Writer accuses OpenAI of copyright infringement, court allows lawsuit to proceed

On Monday, October 27, US District Court Judge Sidney H. Stein ruled that the American artificial intelligence company, OpenAI, must face a collective lawsuit filed by authors alleging copyright infringement. The motion by OpenAI to dismiss the lawsuit was rejected by the court.

The lawsuit, initiated by multiple authors on June 13, accuses OpenAI and its major funder Microsoft of “blatantly and harmfully infringing on their copyrights”.

According to the lawsuit, the defendants copied the works of the authors and input them into their “large language models” (LLMs) – algorithms designed to generate human-like textual responses to user prompts and queries. The lawsuit claims that such algorithms constitute the core of the defendants’ vast commercial enterprise and that the core of these algorithms involves extensive systemic theft.

OpenAI sought the court to dismiss the authors’ copyright infringement claims.

In the ruling on October 27, Judge Stein sided with the authors, rejecting the defendants’ motion and stating that the authors’ allegations “at the very least satisfy the elements of a preliminary infringement claim regarding some output content of ChatGPT”.

The judge wrote that to train ChatGPT, OpenAI utilized textual data sets that include copyrighted works by the plaintiffs. Upon receiving prompts, ChatGPT could produce accurate summaries of the plaintiffs’ books.

In a court filing, OpenAI argued that the plaintiffs failed to convincingly demonstrate “substantial similarity” between their works and the output content of ChatGPT, without providing any examples within the complaint of copyrighted infringements in the ChatGPT output content.

OpenAI contended that summarizing book content does not constitute infringement. For instance, summarizing the ending of Mary Roberts Rinehart’s novel “The Door” as “the butler is the killer” should not be considered infringement.

However, Judge Stein rejected OpenAI’s arguments, stating that the complaint had sufficiently alleged that OpenAI accessed their works and ChatGPT’s generated output content was based on these works, thus constituting conditions for “actual copying”.

Subsequently, Judge Stein elaborated on ChatGPT’s summary of George R. R. Martin’s “A Game of Thrones” from the “A Song of Ice and Fire” series. ChatGPT in the summary described the book’s background setting, prologue, main plot points, and ending.

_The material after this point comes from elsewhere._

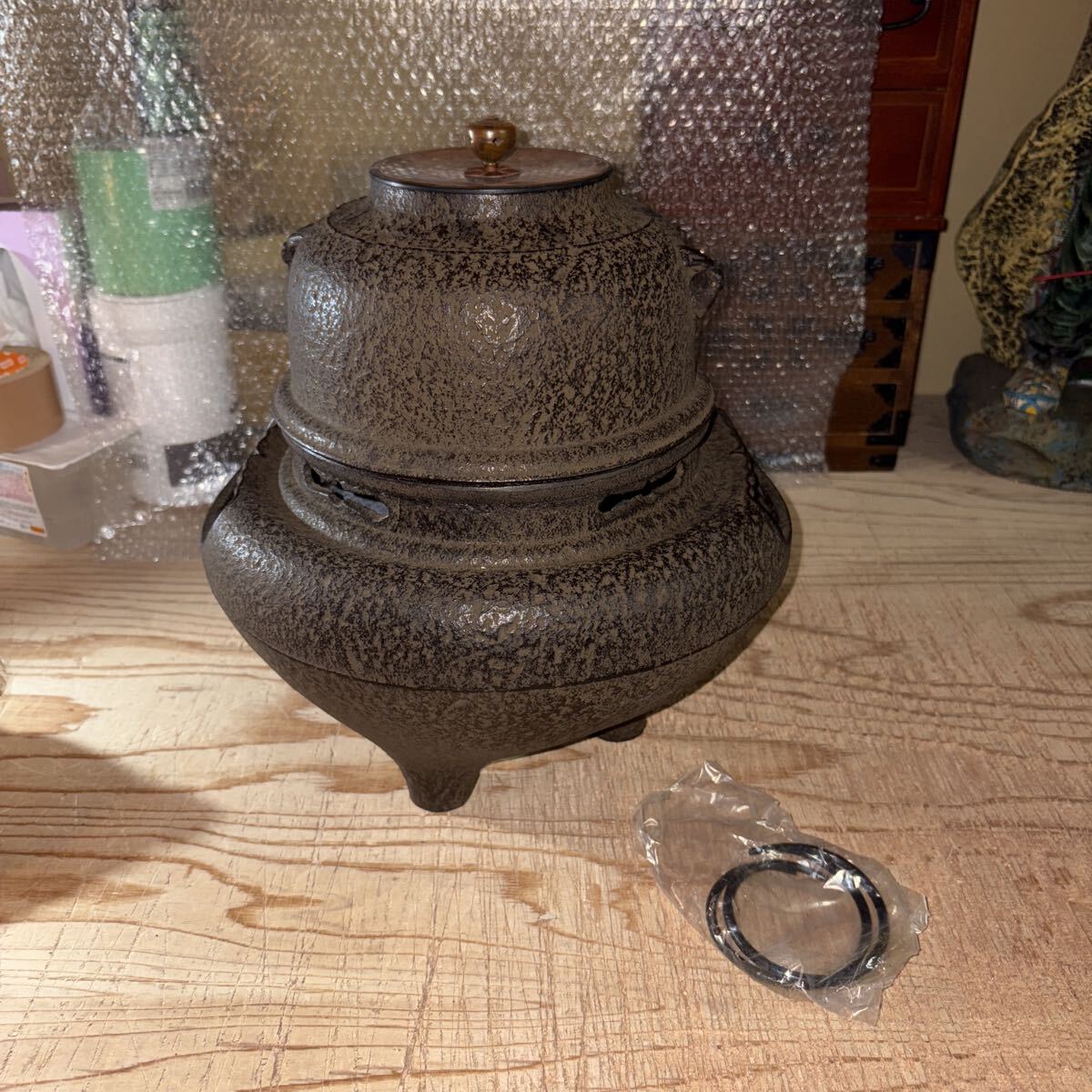 - 茶道具 茶釜 鉄釜 風炉釜 荒肌朝鮮 未使用

He pointed out that “it is not difficult to discern that this detailed summary bears substantial similarity to Martin’s original work, as it recapitulates the original’s plot, characters, and themes, especially when conveying the overall tone and atmosphere of the original work.”

Martin is one of the plaintiffs in this case, with other plaintiffs including authors John Grisham and David Baldacci.

“Epoch Times” reached out to OpenAI for comments but had not received a response at the time of publication.

On September 5, the law firm Banner Witcoff released an article stating that prior to the court’s ruling, the AI company Anthropic (manufacturer of Claude AI) agreed last month to pay $1.5 billion for copyright infringement issues.

The article alleges that Anthropic was accused of using approximately 500,000 copyrighted works to train its AI. The court had previously ruled that using pirated copies to train AI constitutes not “fair use”.

In a statement on September 25, the Writers Guild of America, which is also a plaintiff in the OpenAI lawsuit, welcomed the preliminary approval of the settlement with Anthropic.

The guild stated, “This settlement marks a significant milestone in writers’ fight against AI companies’ infringement. It sends a clear message to the AI industry that infringing on writers’ rights will come at a high price and will undoubtedly push AI companies to obtain necessary books through legitimate licensing.”

“This case is particularly significant as it serves as an example of how class action lawsuits can be an effective way to pursue substantial damages for widespread copyright infringement.”

In addition to OpenAI and Anthropic, authors have also initiated similar legal actions against multiple tech companies using their works to train AI models.

On October 15, two authors filed a lawsuit against the cloud service company Salesforce, alleging that the enterprise “illegally used hundreds of thousands of copyrighted books” for developing its XGen series large language models.

In another lawsuit, thirteen authors took similar infringement actions against Meta, which concluded in Meta’s favor in June.

The court dismissed the plaintiffs’ claim that Meta reproduced their works to create products that could saturate the market with similar works, stating that the authors “failed to provide evidence of how Meta’s model’s current or anticipated output content could weaken the market for their own works”.